Bugün, 25 Nisan 2024 Perşembe

Selim EROĞLU


O BİR EFSANEYDİ


Tam Ramazan´a girerken efsane boksör-kahraman Muhammet Ali, Hakk´ın rahmetine kavuştu. Muhammet Ali, bizim çocukluğumuzun efsane kahramanıydı. Maçları, saat farkından dolayı sabaha karşı yayınlanırdı. Bütün ülke bokstan anlasın anlamasın uykusundan fedakarlık yaparak Muhammet Ali´nin maçlarını seyrederdi.

Aslında boks sporu bizim kültürümüze tersti, buna rağmen Muhammet Ali´nin her yumruğu bizim için yeni bir zafer olurdu. Attığı her yumruk, zalime indirilmiş bir darbeydi. O; ezilmişlerin sesiydi, mazlumların nefesiydi, gençliğin hevesiydi,gönüllerin fatihiydi.

Cesurdu. Hakk´ın sesini haykırmaktan çekinmezdi. ?Kelebek gibi uçarım, arı gibi sokarım? diyerek cesaretini ortaya koyuyordu.

Kendisi bir siyahiydi. Siyahi olduğu için birçok kısıtlamalara maruz kalmıştı. Dünya şampiyonu olmasına rağmen ülkesinde sadece beyazlara servis yapılan bir lokantada kendisine servis yapılmamasını protesto için altın madalyasını nehre fırlatıp atmıştır. ?Yere batsın sizin ırkçılığınız? demiştir. 22 yaşında dünya şampiyonu olduktan sonra Müslümanlığı seçmesi ve Muhammet

Ali ismini alması emperyalistlerce hiçbir zaman kabullenilmemiştir.

Sadece Müslüman bir siyahi olduğu için ırkçılarca ve İslam düşmanlarınca asla kabul görmemiştir. Nerede medeni Avrupa, nerede medeni Amerika? Bunlar lafa gelince Hz. Ömer gibi, icraata gelince Turist Ömer gibi. Bunu, son olaylarda Almanya´nın tavrında bir kez daha gördük. Kendimizi kandırmayalım, İslam düşmanlığı olunca bunlar yek-vücut olurlar. Çünkü küfür tek millettir.

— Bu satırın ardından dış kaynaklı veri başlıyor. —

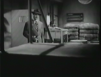 Screenwriters Al Martin, Victor McLeod, George Plympton, and Morgan Cox develop their script’s excellent central premise to very good effect, neatly balancing action, crime detection, tinges of horror, and even touches of humor. Although the serial is not structured around action setpieces in the style of a Republic outing, the scripters still manage to involve their heroes and villains in numerous brawls and gunfights; they also keep the periodic clue-analyzing scenes in the police lab lively enough (and non-technical enough) to be interesting. Horror is provided by Mortis’ sinister means of recruiting henchmen into the League of Murdered Men (said means being gradually revealed to the viewer over the course of the first three chapters); the highly nervous wisecracking of the gangster Taboni (William Haade) as he reluctantly prepares to go through Mortis’ death-and-resuscitation process serves to simultaneously lighten and enhance the tension of the situation, while his enraged post-induction reaction when he learns his continued existence is dependent on Mortis accentuates the horror of the whole Murdered Men setup.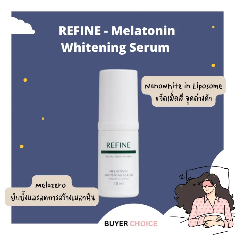 สกินแคร์ Melatonin จากแบรนด์ REFINE มาในสูตรใหม่ Melatonin Whitening Serum เหมาะสำหรับผิวบอบบาง เป็นสูตรเฉพาะของแบรนด์ด้วย MelaNano Complex ช่วยปรับผิวให้กระจ่างใสตอนกลางวัน พร้อมบูสต์พลังซ่อมแซมผิวในยามกลางคืน ที่ใช้ระยะเวลาในการพัฒนาสูตรนานถึง 2 ปี และแก้สูตรมาไม่ต่ำกว่าร้อยครั้ง เพื่อสูตรที่ดีที่สุดและเห็นผลจริง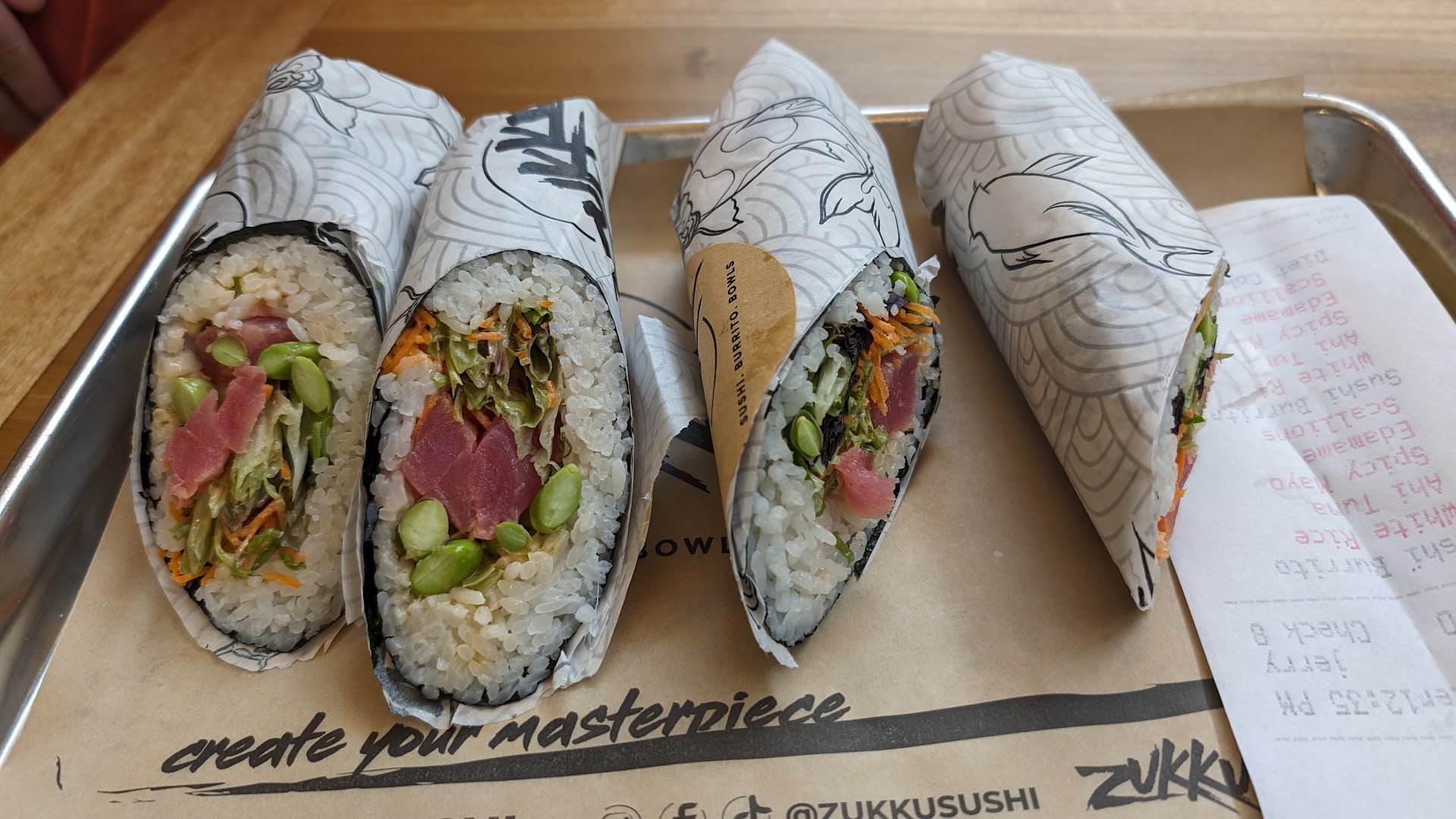 Would NOT recommend. Look at the Pictures. We've Probably spent over $350.00 on this place, and all four times were Disappointing. The first time my Husband and I went, the "Miso Soup" had hard Rocks in it... Turns out after attempting to eat it, we asked and learned that it was FRIED TOFU. Barf. There was no green onions in it and it was SO SALTY when we took it back the Dude there gave us Spring Rolls instead.... After trying it himself, he concurred with me. The spring rolls are VERY Small. Like Literally the Size of my Pinky. Not worth the Money when you only get 3 and spend like $6.00. Now... the best, or what for us- was actually the Worst Part... The Sushi. The first time we came they did "Okay" on the Cream cheese. Not great, but "ehhh Okay..." The second time was Bad. The Third time was not so good (and this is after I told them "Please, I love cream cheese" (LOL) and the Fourth time was just the straw that broke the Camels back for me. SO Bad. My Husband was sent to get the sushi alone, this time. He told me that they were rude with him when he had told everyone that it was "To-Go" instead of "for here", and they were pretty much huffing and puffing when they threw it in the Box. He said he was nice as possible but since he talks with a Russian accent, they felt the need to talk to Him however they pleased. Which is NOT okay. My Husbands English is good, and there's no reason why they have to talk to Him like he's an animal, and make him wait 40 minutes for food. No respect for your customers is NOT acceptable. So I would say the atmosphere is a bit off. Also for being in the kerns food hall, that's like the only thing they have going for them. The staff is rude, the sushi is overly hyped for BAD sushi and it takes forever for your "Masterpiece" to come out. And when it does, your expectations are flattened and destroyed into chaos all over a box bigger than your Bill. Go somewhere else.
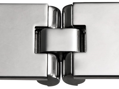 Realizzata in acciaio inox AISI 316 lucidato a specchio. Applicabile per tavoli o portelli con apertura a ribalta. Dotata di cover copriviti applicabile dopo il montaggio per un design pulito e lineare.
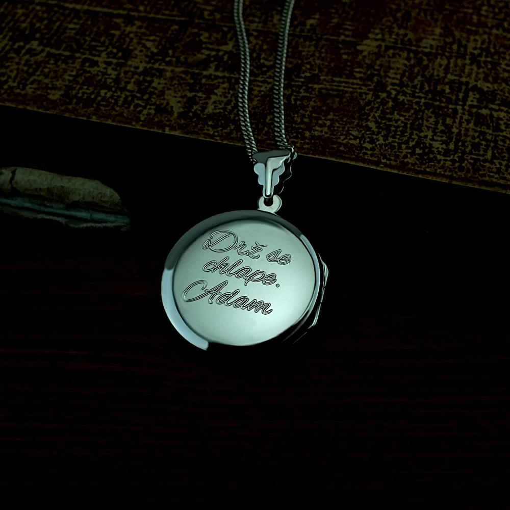 Stříbrný přívěsek, otevírací medailonek ve tvaru kolečka s rytým motivem. Přívěsek je vyrobený ze stříbra ryzosti 925/1000 v lesklé povrchové úpravě. Rytí vzoru na medailonek je zcela na vás, na fotografii je pouze ilustrativní vzor (na přední stranu lze vyrýt upravena fotka nebo text). Na zadní stranu můžeme vyrýt krátké věnování ( miluji tě, k narozeninám, od babičky). Veškeré rytí na otevírací medailonek je už zahrnuto v ceně přívěsku. Požadovanou rytinu nám napište do poznámky v objednávce (třetí krok v košíku). Pokud budete chtít vložit vaše fotografie do medailonku, pošlete nám je emailem s číslem vaší objednávky.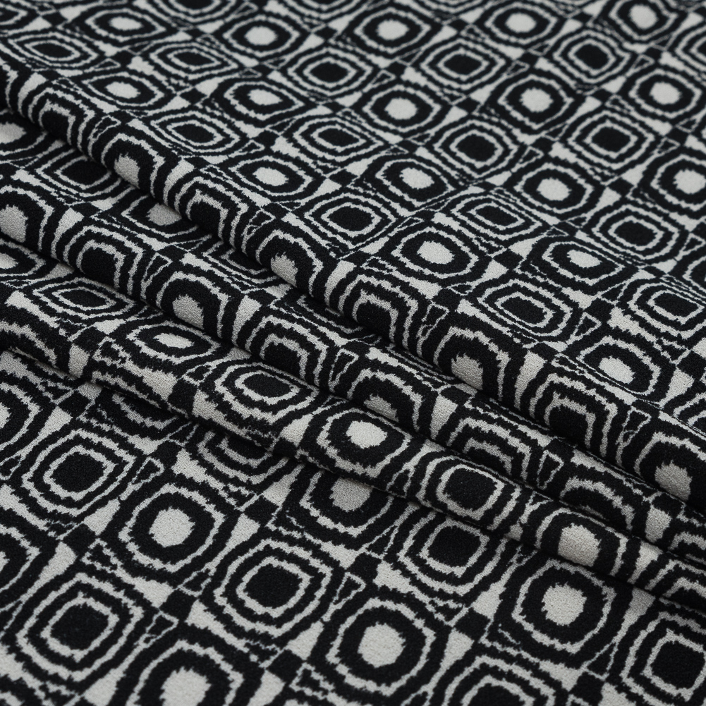 Black and Ivory Geometric Polyester Crepe

Muhammet Ali, sadece bir boksör değildi. O bütün ezilmişlerin ve inanmışların sembolüydü. Mesela; ?Ben sigara içmem ama bir kibrit paketi taşırım cebimde. Ne zaman bir günah işlemeye kalksam, bir kibrit yakarım. Elime tutarım ve kendi kendime derim ki, Ali sen bu ateşe dayanamıyorsun, cehennem ateşine nasıl dayanacaksın? diyecek kadar müslümanca bir tavır geliştirmişti.

Mesela; Hollywood Bulvarı´na yıldızı konulmak istendiğinde ?Ben Peygamberimin ismini taşıyorum, O´nun ismini ayaklar altına yazdırtmam? diyerek reddetmişti. Mesela: ?Bir hayatımız var, yakında geçmişte kalacak, yalnızca Allah için yaptıklarımız sonsuza dek bâki kalacak? diyecek kadar teslim olmuştu İslam´a. ?Vietnamlılar bana kötülük yapmadı ki onlara karşı savaşayım? diyerek bugün de devam eden anlamsız savaşlara karşı koydu. Bu tavrından dolayı unvanları elinden alındı. Toplumdan tecrit edildi.

O hiçbir zaman hak ve hakikati kendi üslubunca haykırmaktan geri durmadı. İşte tam bu yüzden sevildi, gönüllere taht kurdu. O yüzden bütün ezilmişlerin ilham kaynağı ve kahramanı oldu.

Bizim de Muhammet Ali´yi sevmemiz sadece boksör olduğu için değil, tam da bu özelliklerinden dolayıdır. Evet bu dünyadan bir efsane geçti. Allah rahmet eylesin. Mekanı cennet olsun.